The first rolearn is your Amazon EKS NodeInstanceRole and the 2nd rolearn would be your Lambda Role.

Validation

You may decrease the desired capacity of your autoscaling group for Amazon EKS nodegroup. Behind the scene, on instance termination from auoscaling group, the node will first enter the Terminating:Wait state and after a pre-defined graceful period of time(default: 10 seconds), eks-lambda-drainer will be invoked through the CloudWatch Event and perform kubectl drain on the node and immediately put CompleteLifecycleAction back to the hook and the autoscaling group then move on to the Terminaing:Proceed phase to execute the last termination process. The Pods in the terminating node will be rescheduled to other node(s) before the termination Your service will have almost zero impact.

In Actions

Live tail the log

$ make sam-logs-tail

kubectl drain or kubectl taint

By default, eks-lambda-drainer will kubectl drain the node, however, if you specify Lambda environment variable drain_type=taint then it will kubectl taint the node.(details)

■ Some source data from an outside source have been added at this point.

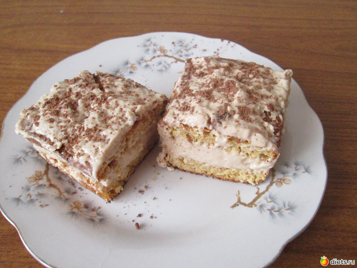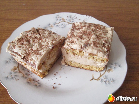 Бисквит разрезать на 2 коржа. Нижнюю половину уложить в форму, свержу выложить 90% крема и накрыть вторым коржом, Обмазать его сверху, можно посыпать корицей, как у меня. Поставить в холодильник на 30 мин- 1 час, чтобы крем застыл.
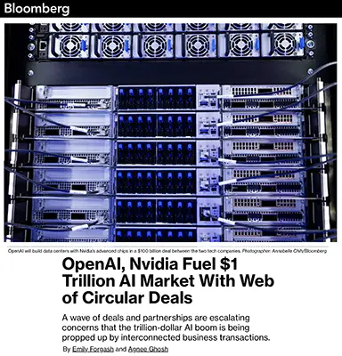 Bloomberg — OpenAI, Nvidia Fuel $1 Trillion AI Market With Web of Circular Deals (October 2025) https://www.bloomberg.com/news/features/2025-10-07/openai-s-nvidia-amd-deals-boost-1-trillion-ai-boom-with-circular-deals
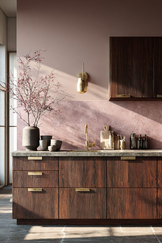 I recommend a pink and walnut kitchen with dusty pink painted cabinets and a walnut island or walnut floating shelves. Brass cup pulls on the pink cabinets and brass pendant lights over the walnut island bring the metallic warmth into both zones. The result is a kitchen that feels collected and intentional — like each material was chosen because it genuinely belongs there, not because it was on trend.
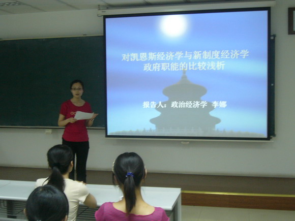 首先,由在此次论坛中论文获得三等奖的明金花同学与李娜同学分别做题为《美国的战略石油储备体系及对我国的启示》和《对凯恩斯经济学与新制度经济学中政府职能的比较浅析》的报告。在明金花同学的报告中,主要以美国石油的生产和消费状况为背景,重点介绍了美国石油的战略储备体系,并且指出我国应借鉴美国的先进经验,从而进一步完善我国的战略石油储备体系。在李娜同学的报告中,主要以凯恩斯主义经济学与新制度经济学中政府职能相关内容为出发点,分析了资本主义国家与社会主义国家不同经济制度下政府职能的共通与差异之处,并以此作为我国政府职能转变和建立公共服务型政府的借鉴。
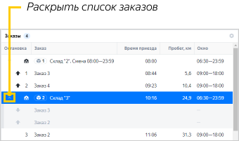Чтобы посмотреть список заказов, которые забираются со склада или доставляются на него, нажмите на стрелку. Количество заказов указано на значке рядом с названием склада.
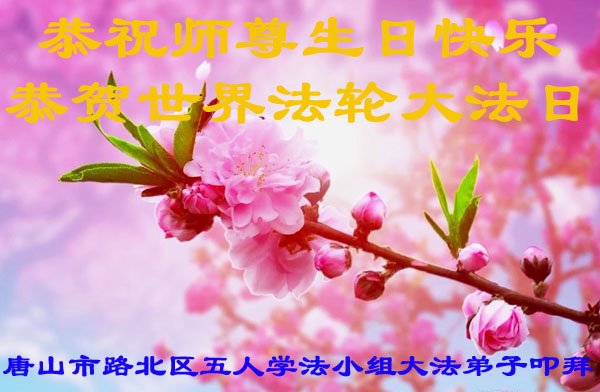 春天来了,百花开了。在这春光明媚的日子里,我们迎来了我们法轮大法日。在这普天同庆的美好时光里,恭祝慈悲伟大的恩师生日快乐!恭贺世界法轮大法日!感恩恩师慈悲救度!感恩恩师一路保护!使弟子在“助师正法”的神路上平稳的走到了今天。今后不管时日长短,不管路途如何艰险,弟子一定沿着恩师指的路,前行!前行!再前行!直至圆满!愿恩师少一些操劳,多一些欣慰。 叩拜恩师 丰润区一大法弟子敬上 河北唐山开平东山夫妻学法小组及家属恭贺世界法轮大法日!
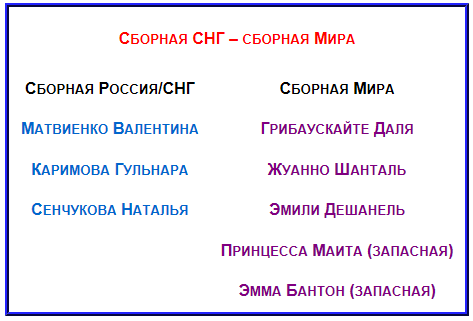 Их оппонентки из сборной Мира активно практиковали каратэ и черные пояса носят по праву. Принцессу Маиту, капитана национальной сборной по каратэ ОАЭ и Эмму Бантон, экс солистку битанской поп-группы Spice Girls, мы поставили запасными исключительно из жалости к российским VIP Данам. Принцесса Маита и Эмма Бантон, в отличие от Дали Грибаускайте, имеют опыт выступления на соревнованиях по каратэ и виртуальный разгром россиянок был бы уж совсем безжалостным.
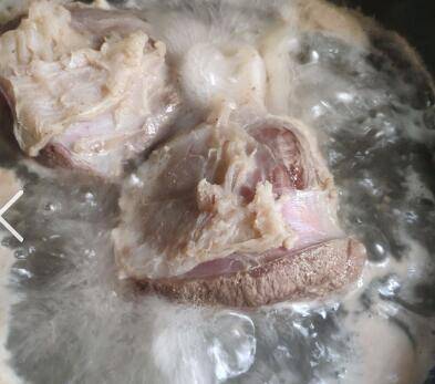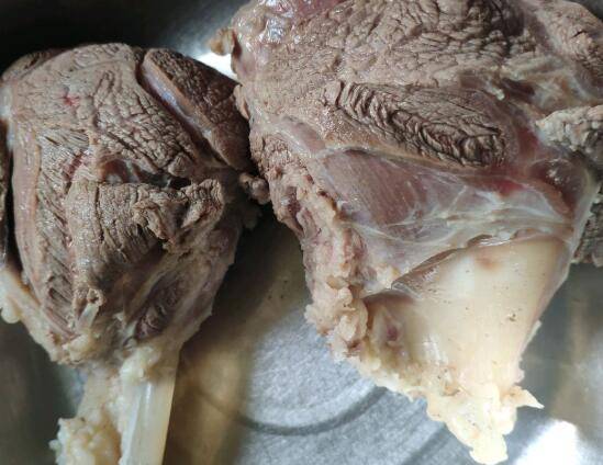 取一大条牛腱子,从中间切开。先把牛腱子放在冷水浸泡两个小时,捞出入冷水锅放入三片姜大火烧开,煮五分钟左右。煮好以后把牛腱子肉放入温水中洗净外面的附着物。
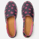 Vampire lips and fangs espadrilles with a cool; pattern of bright pink mouths with vampire teeth over dark purple background. This dark girly pattern is great for Halloween.
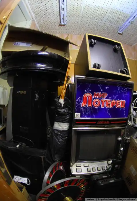 Ну а теперь пришло время разобрать фальшстенку и посмотреть, что там. Как и ожидалось там оказалось тьма конфискованных игровых автоматов. Все они принадлежали довольно известному казино в Москве.

cluster name auto discovery

You don't have to specify the Amazon EKS cluster name, by default eks-lambda-drainer will determine the EC2 Tag of the terminating node:

kubernetes.io/cluster/{cluster_name} = owned

For example, kubernetes.io/cluster/eksdemo = owned will make the cluster_name=eksdemo.

clean up

$ make sam-destroy

(this will destroy the cloudformation stack and all resources in it)

License Summary

This sample code is made available under the MIT-0 license. See the LICENSE file.